N. Zachariadis for AVGHI

--+ Singapore Sling, seen here in its world premiere, could very well become this year's runaway cult hit. A wonderfully outrageous expose of the innermost recess of human sexuality treated with a brashness and candour worthy of de Sade, this film does not hesitate to peel away layer after layer of human sensuality and physical stimulation that almost undefinable point where the distance between pain and pleasure begins to disappear. Singapore Sling is friendless, homeless and always broke; he is always chasing after lost causes, in particular a woman named Laura, a romantic memory from his past. She may in fact have died years ago, and he could very well be obsessed with a corpse. One lonely night in his meandering search, he finds himself in a mysterious villa, watching two women bury a body. He falls into their trap as naturally as a fly is caught in a spider's web, their unwitting last victim in a sinister play of cruel fun. In a pervasive atmosphere of decadence and isolation, the two women act out insane pleasure games, unappetizing rituals of blood and murder. Theirs is a world turned in on itself where private sexual fantasies are transformed into explosive lust. This cocktail's unusual recipe is no common mix of violence and sexual pleasure. Incest, lesbianism, sadism, bondage and much more are depicted with assured kinky precision and a perfectly immodest sense of the outrageous. However, Nikolaidis does not pass up a single opportunity to extract the wildly camp humour, albeit of a decidedly dark hue, of this scenario. Neither gory nor offensive in intent, the director's determined treatment of his material makes for a gloriously entertaining black comedy. Filmed in sumptuous black and white to underscore the mock eeriness of the imagery, Singapore Sling is a cinematic rarity, a skillful, engrossing and elegant balancing act between shock, sensuality and black parody.
Dimitris Eipides, presenting Singapore Sling in the Toronto Film Festival (1991)

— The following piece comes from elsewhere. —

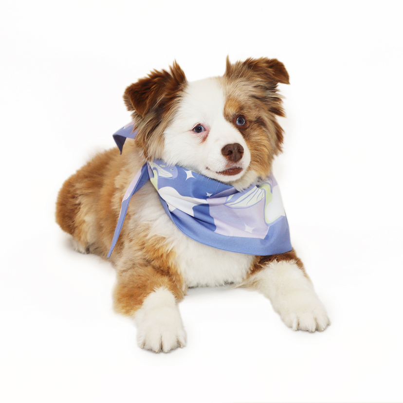 An ethereal mushroom scarf with an ombre periwinkle hue. Featuring a soft, 100% cotton fabric with a triangle shape so that no folding is required.

--+ A shocking and daring film, something completely unknown to the Greek filmmaking so far... Singapore Sling cocktail exploded in the Festival like a Molotov cocktail.
TO PONTIKI

--+ Humour that is 'dirty' and deadly. Sadomasochism, urolagnia, blood, vomit and death. All these produce a unique black comedy.
G. Chrisovitsanos for ETHNOS

--+ An insane symphony of corruption among debauched, accursed and ambiguous characters... Nikolaidis own scornful laughter rings out in the background.
N. Zachariadis for MESSIMVRINI

--+ Singapore Sling is an unprecedented film by Greek standards... Nikolaidis has completely stripped away all pretenses and launches himself much farther than the Marquis de Sade and Bataille.
D. Kanellis for ELEFTEROS TYPOS

--+ Sexual perversion, wounds and excrement of every kind, urine, rape, disembowelments. A superbly directed, convulsive ritual of horror like a long drawn-out orgasm.
I. Bakoyiannopoulos for KATHIMERINI

--+ Singapore Sling is heretical and provocative... The power and perfection of Nikos Nikolaidis' hell was too strong for the audience's stomach.
V. Georgakopoulou for ELEFTEROTYPIA

--+ All this cannibalism in a baroque atmosphere convinces the viewer of the biological and spiritual decline of man and civilisation.
D. Bouras for RIZOSPASTIS

--+ Knives, bestial matings and sacred incest... all end up in a cocktail of old movies and post-modern anguish... In the end it is an essay on freedom.